Task brief -
Exact copies of the records below are needed, free of pictures.

Raw data -
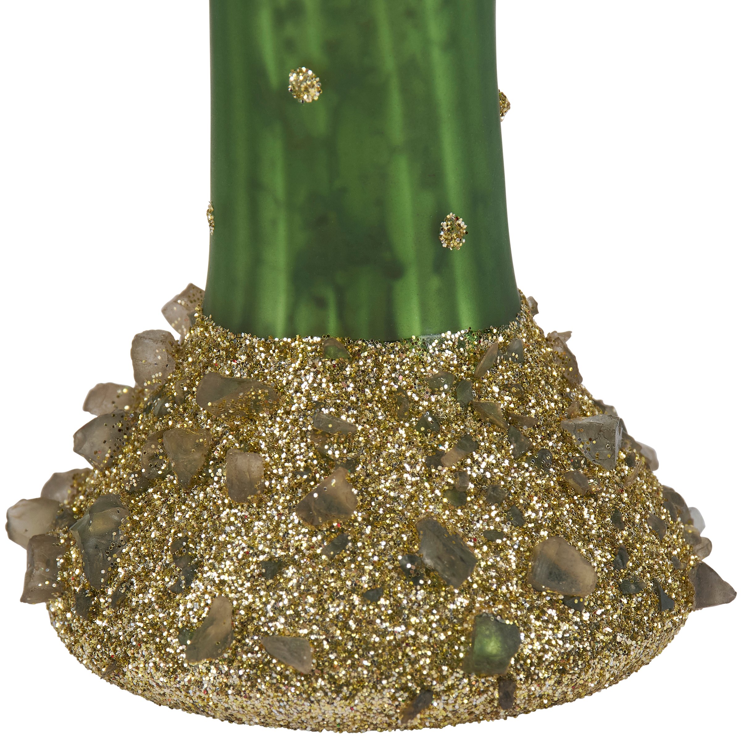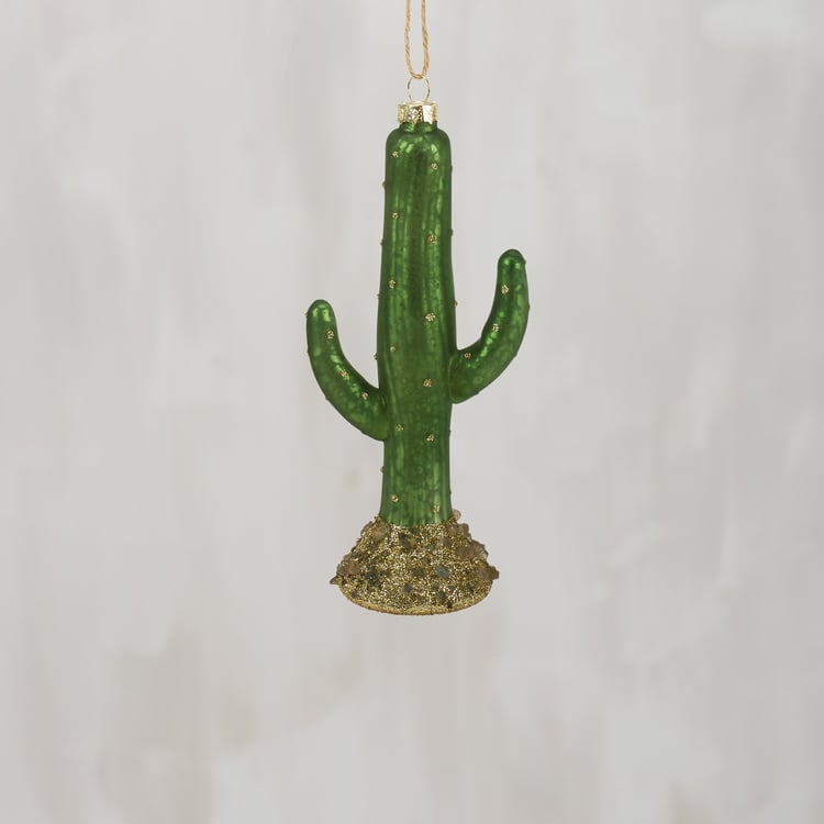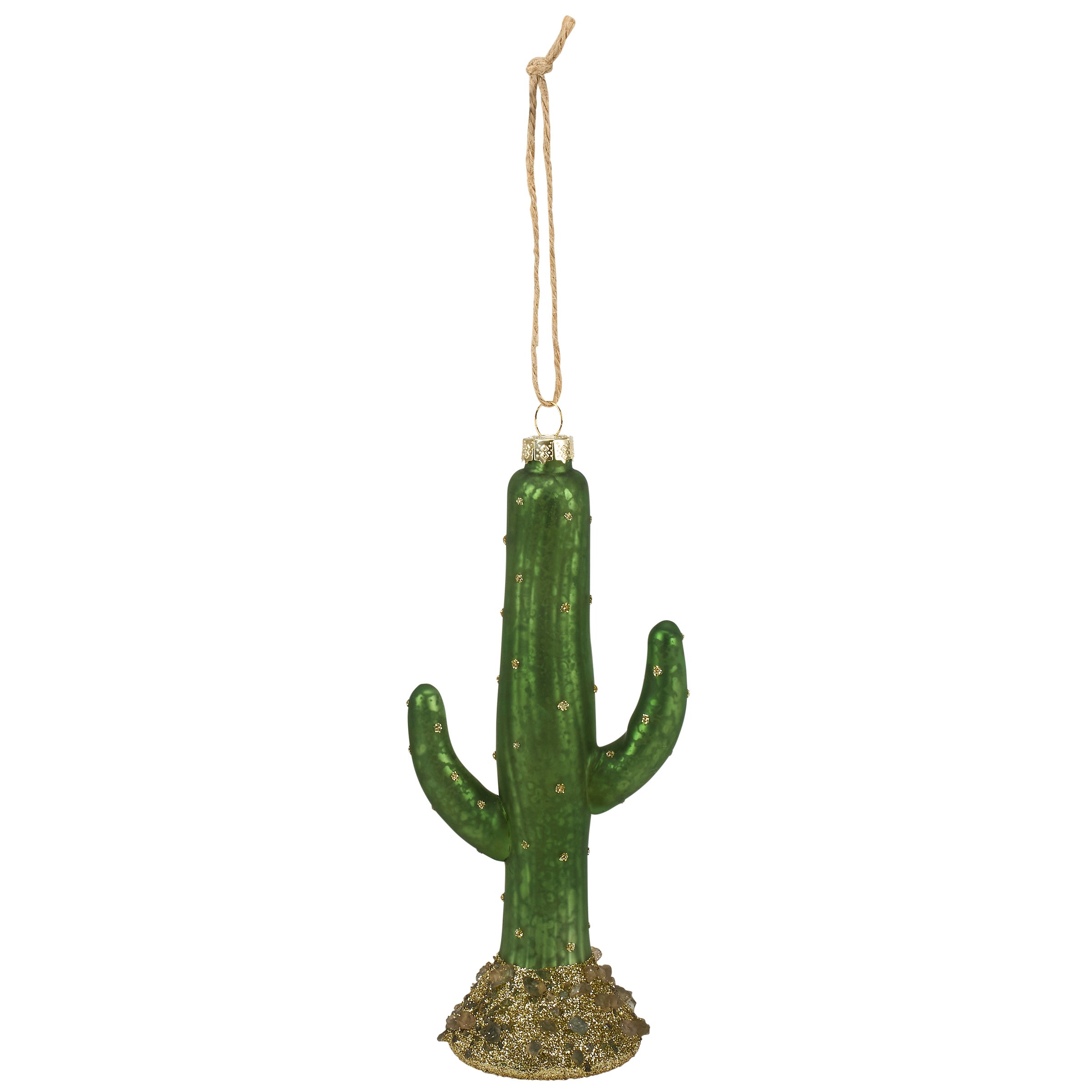 A glass ornament from our Western Collection displaying a saguaro cactus design with painted details and glitter accents. Our glass Saguaro Cactus ornament is ready to hang for display via the included top loop and string hanger. A vintage style gift perfect for adding personality to a Christmas tree or for western themed displays.
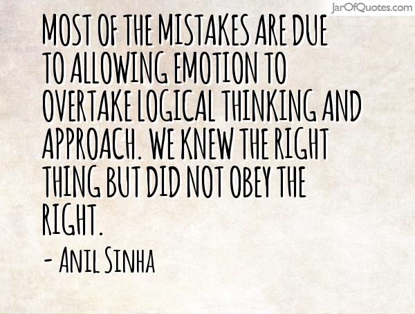 Logically thinking is the best way to be, but we struggle to think logically when we allow our emotions to take centre stage. Logic deals with facts whereas emotional thinking is usually based on assumption. There’s no reasoning with emotions.
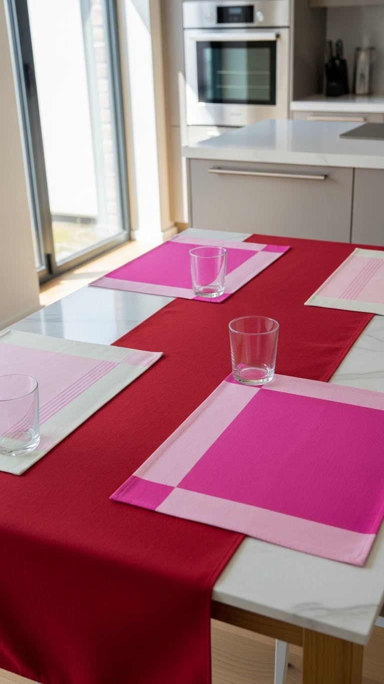 Pick red and pink items to set the tone. Start with a table runner in soft pink—find one for $10 online. Lay it across your kitchen table. Add red placemats underneath plates. This pulls everything together fast. Use what you have: Old napkins in these shades work fine. Arrange them with heart patterns for fun. Layer in accents like a pink cloth under a bowl of fruit. It costs nothing extra. For a DIY, mix fabric scraps to make your own runner. Cut and sew in minutes. Place it on your island for a cozy eat-in spot. The colors make the room feel alive. Clean up is quick—just roll it up. Your space looks put-together without much effort.
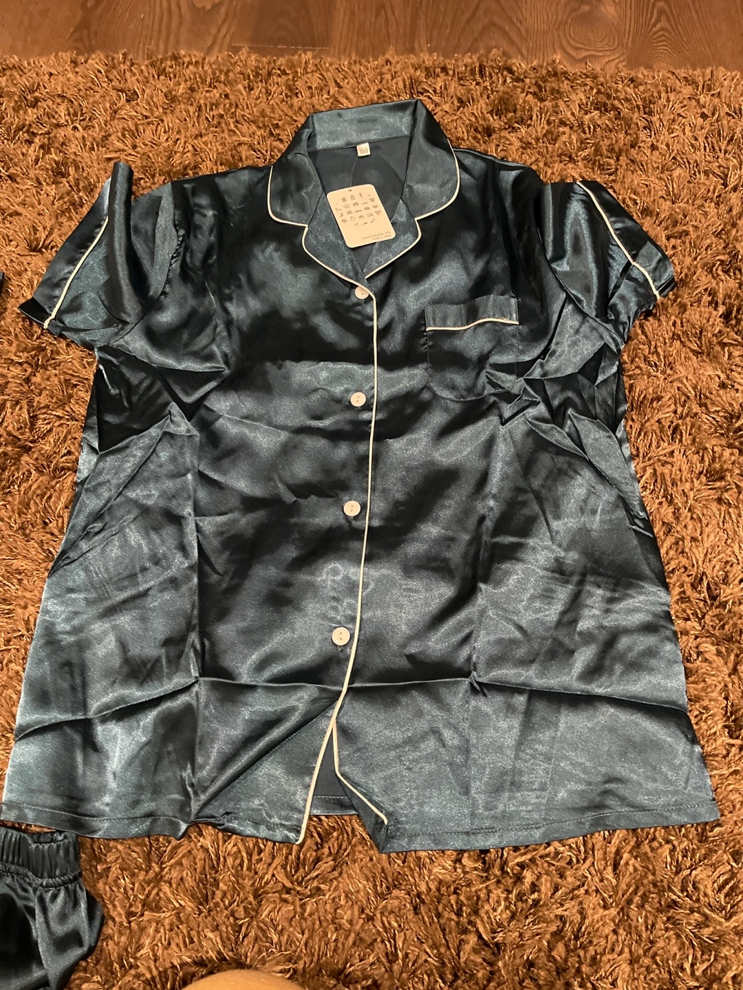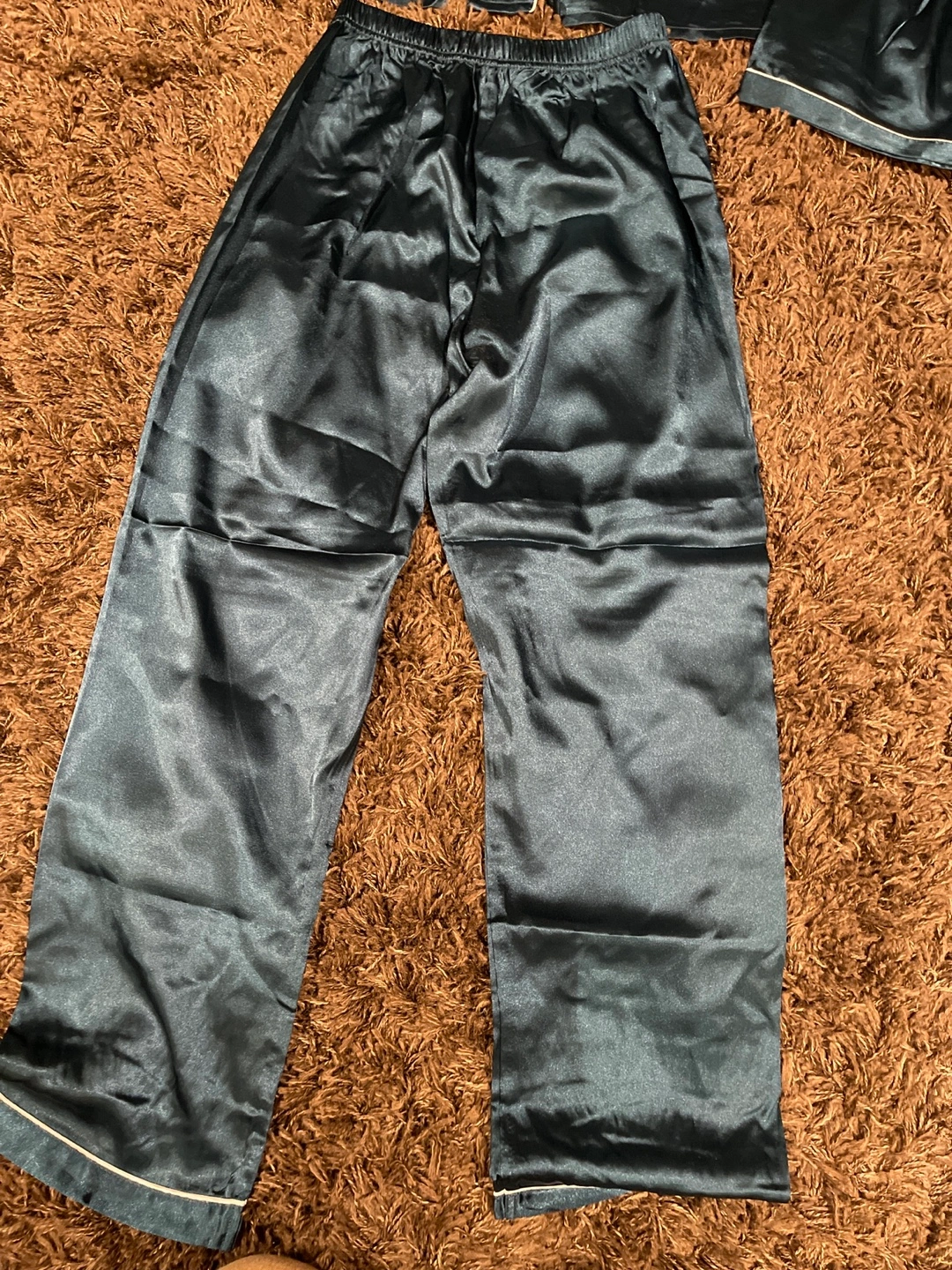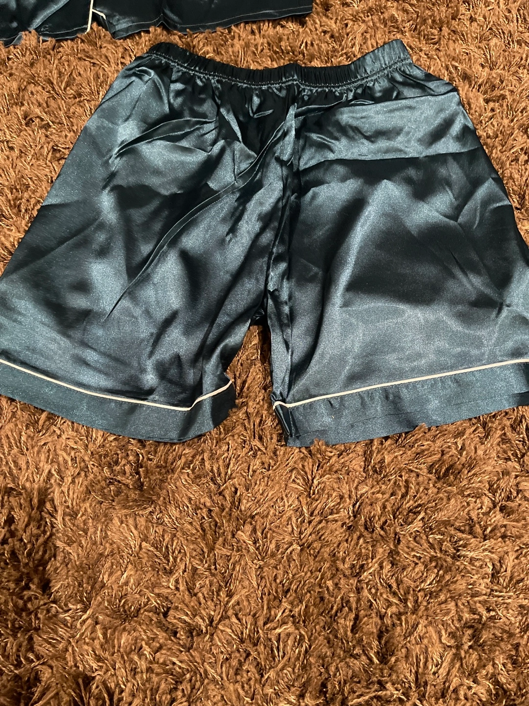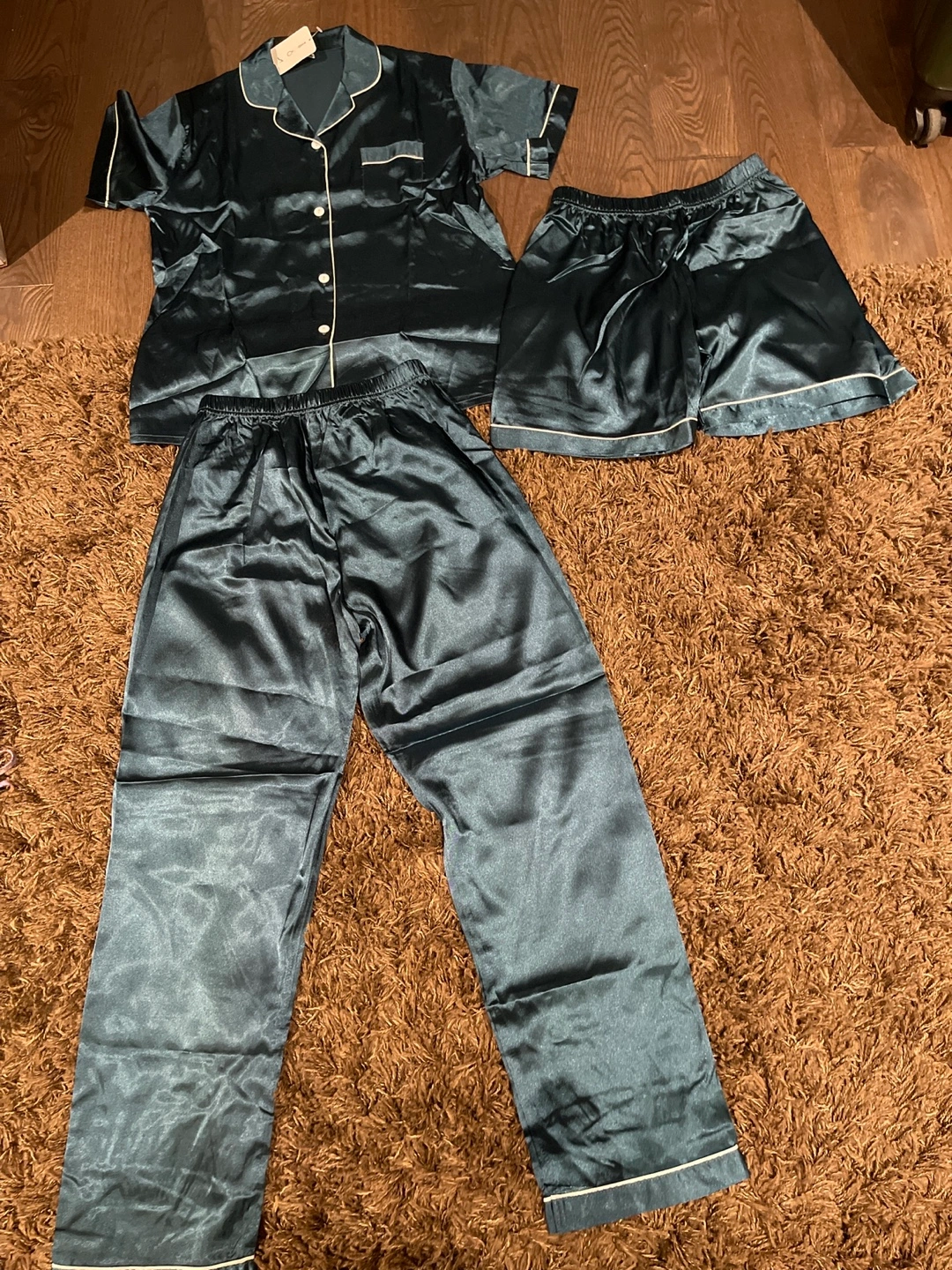 Dark green satin three piece pajama set. Includes a collared short-sleeved shirt, shorts, and long pants. Soft and comfortable material. Perfect for lounging or sleeping.
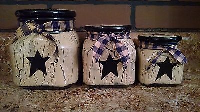 Title (ebay affiliate link): Primitive Tan & Black Crackled 3 piece Canister Set Country Decor
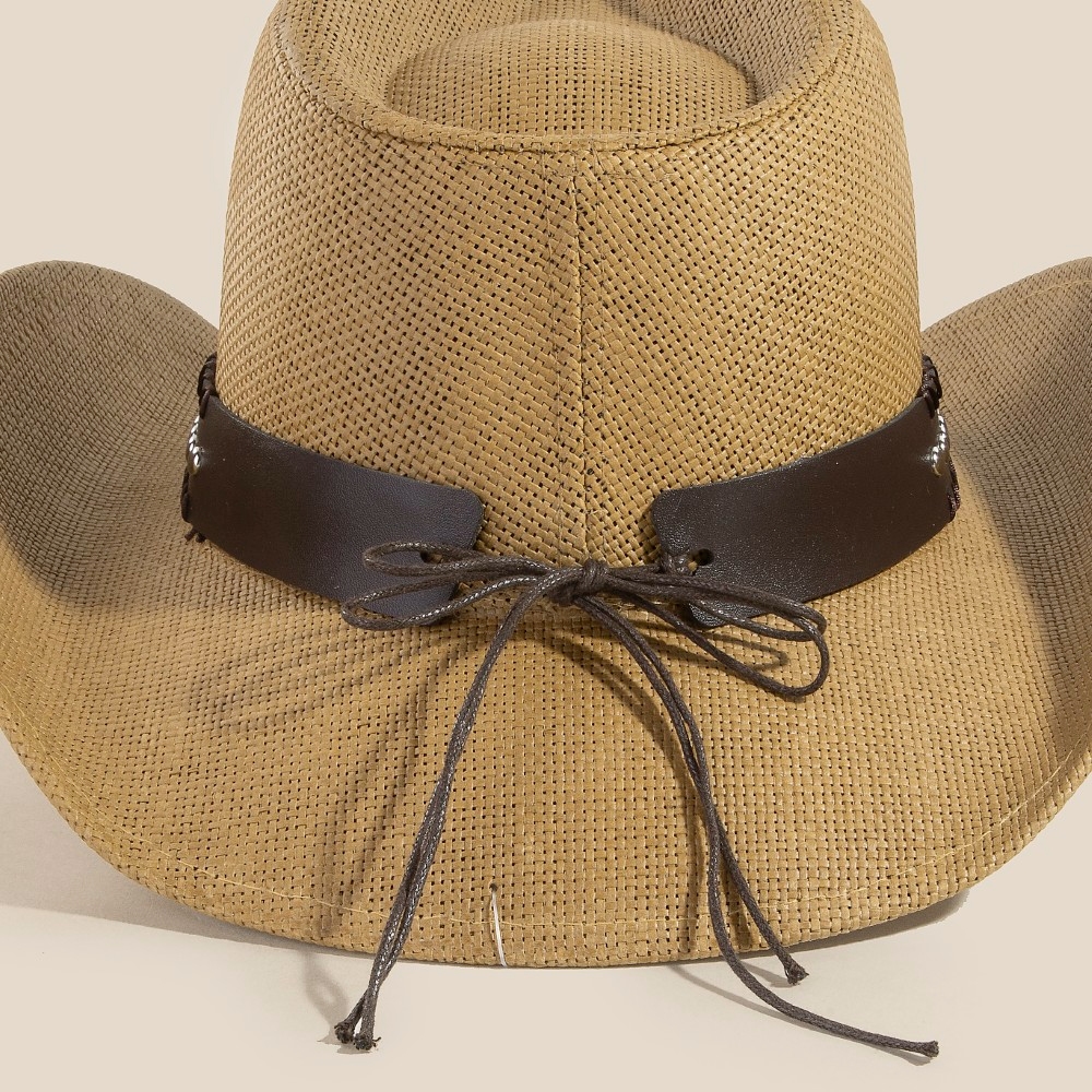 Western Leather Strap Straw Cowboy Hat

Solution below -
 A glass ornament from our Western Collection displaying a saguaro cactus design with painted details and glitter accents. Our glass Saguaro Cactus ornament is ready to hang for display via the included top loop and string hanger. A vintage style gift perfect for adding personality to a Christmas tree or for western themed displays.
 Logically thinking is the best way to be, but we struggle to think logically when we allow our emotions to take centre stage. Logic deals with facts whereas emotional thinking is usually based on assumption. There’s no reasoning with emotions.
 Pick red and pink items to set the tone. Start with a table runner in soft pink—find one for $10 online. Lay it across your kitchen table. Add red placemats underneath plates. This pulls everything together fast. Use what you have: Old napkins in these shades work fine. Arrange them with heart patterns for fun. Layer in accents like a pink cloth under a bowl of fruit. It costs nothing extra. For a DIY, mix fabric scraps to make your own runner. Cut and sew in minutes. Place it on your island for a cozy eat-in spot. The colors make the room feel alive. Clean up is quick—just roll it up. Your space looks put-together without much effort.
 Dark green satin three piece pajama set. Includes a collared short-sleeved shirt, shorts, and long pants. Soft and comfortable material. Perfect for lounging or sleeping.
 Title (ebay affiliate link): Primitive Tan & Black Crackled 3 piece Canister Set Country Decor
 Western Leather Strap Straw Cowboy Hat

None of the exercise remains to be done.